Meta-analysis statistical analyses
Comprehensive Meta-Analysis Version 3.0 [20] was used for all analyses. Significance was set at p < 0.05.
Main meta-analytic models
The main model required at least two distinct studies within a brain region per metabolite. For longitudinal studies, only baseline data were included to maintain independence of data [19]. If a study had more than 1 measurement within the same brain region, the data were treated as independent [19]. A remove-one analysis was performed as a sensitivity analysis to assess the impact of each study individually on the overall estimate; additionally, this was used to check for the influence of studies with multiple groups within the same brain region. Hedges’ g (unbiased standardized mean difference estimate) was used as the measure of effect size [21] with random-effects modeling [22]. Heterogeneity within studies was assessed through the Cochran’s Q, I2, tau, and tau2 statistics. Publication bias was assessed in models with >2 studies by: (1) funnel plots, (2) Duval and Tweedie trim and fill method [23]; and (3) Egger’s regression [24]. See Supplementary Materials for more details.
Sub-group analyses
The sub-group analyses required at least two studies within each group and ten studies between groups [22, 25]. Random-effects modeling with pooled estimates was used [22, 26]. Two sub-group analyses examined the potential effects of (1) treatment-seeking status (treatment-seeking v. naïve/non-treatment seeking) and (2) quantification type (absolute v. relative concentration) on effect sizes. Treatment-seeking status may be a proxy for severity of alcohol use [27,28,29,30], potentially affecting neurometabolic alterations [31,32,33]. Treatment-seeking status was applied to a study if it was explicitly described in the text, which ranged from stating the participants were seeking treatment to stating that participants were recruited from alcohol-specific programs, clinics, or hospitals. If it was not explicitly stated, studies were labeled as treatment-naïve (explicitly stated) or non-treatment seeking samples (if not explicitly stated as treatment-seeking or treatment-naïve).
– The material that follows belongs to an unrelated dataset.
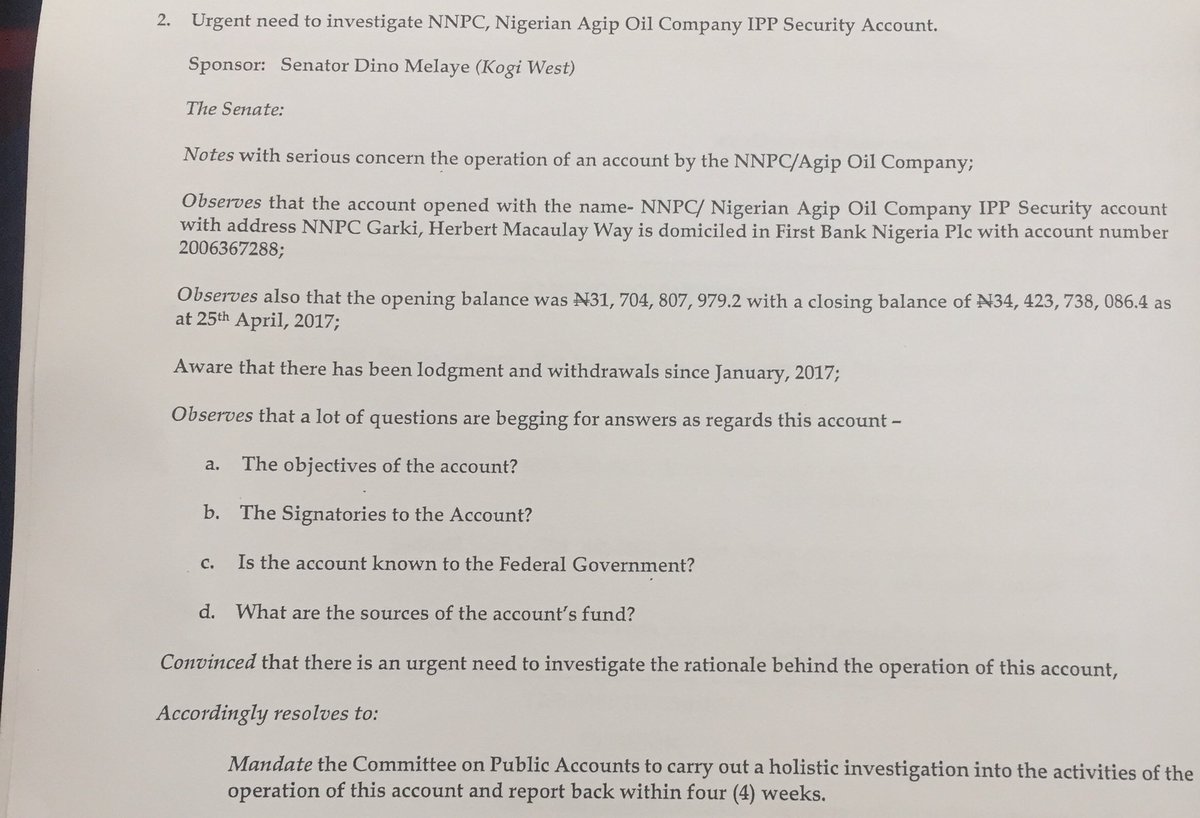 Senator Dino Melaye, who represents Kogi West Senatorial District, raised the alarm about a suspicious account being used by the oil corporation and Agip oil company, on the floor last week.

MRS-derived metabolites can be quantified using absolute or relative (e.g., normalized to Cr) concentrations [34, 35]. Relative concentrations often use the Cr peak as an internal concentration reference in calculation of metabolite ratios, assuming Cr levels are stable and not affected by pathology. However, this assumption can be invalid, as Cr levels vary with brain activity, age, and different pathologic states [13, 36, 37]. (Note: Relative concentrations can also be calculated using water as the reference, but not many studies included used this method and thus is not included in the sub-group analysis).
Meta-regression
Meta-regressions required a minimum of ten studies for each model (Cochrane standard), and random-effects modeling was used. We identified five variables assumed to introduce major heterogeneity into our main models: duration of abstinence (days; alcohol group only), age (years), sex as a biological variable (SABV), MRS sequence-specific echo time (TE in milliseconds (ms) and log-transformed TE), and coefficient of variation (COV). Abstinence duration has been associated with variations in neurometabolite levels (for review see refs. [13, 16]), reflecting at least partial reversibility of metabolite level alterations with abstinence. Most studies included middle aged to older participants, yet a select few reported on young adult alcohol use; thus, given that metabolite levels can be age-dependent, age also introduces heterogeneity. Similarly, most studies included mostly male participants, so SABV (defined as percent of males included in the study) was assessed as clinical research has historically over-sampled males [38], which can have treatment ramifications [39, 40], and there have also been SABV differences in neurometabolite levels across clinical populations [41] and healthy control populations [42]. The TE was included as a variable with potential impact on ability to properly quantify metabolite signals, as its standard has changed over the years with improvements in technical developments [36, 37, 43]. COV is an MRS quality metric that has been shown to moderate metabolite quantification within clinical populations. In a recent meta-analysis, MRS studies with lower COV (considered to be of higher quality) had reduced heterogeneity and increased sensitivity within meta-analytic modeling [44]. COV was derived from the SD divided by the corresponding group mean, calculated [1] with alcohol and control groups combined for overall study data quality and [2] separately for alcohol and control groups.
Results
Study selection
Forty-three studies were included in the meta-analysis (Supplementary Fig. 1). The average sample size (alcohol and control groups combined) for each study was 53 (SD = 43). Eleven studies included only male participants (25.6%), with most studies having more male participants than female participants. The average age of participants included in each study was 42.20 (SD = 8.33; min average age = 21.6, max average age = 64.9). Race/ethnicity were rarely reported, thus was not able to be reported. Approximately half (n = 22, 51.2%) of the studies explicitly reported inclusion of participants who reported tobacco use, while other substance use was not consistently reported. The average standard alcoholic drinks per month for participants in the control group (reported in 37 studies) was 15 (SD = 12) and for the alcohol group (reported in all studies) was 318 (SD = 188). Abstinence duration ranged from active drinking to 1.7 years (median of sample); abstinence duration was not reported for control groups (Supplementary Table 3a).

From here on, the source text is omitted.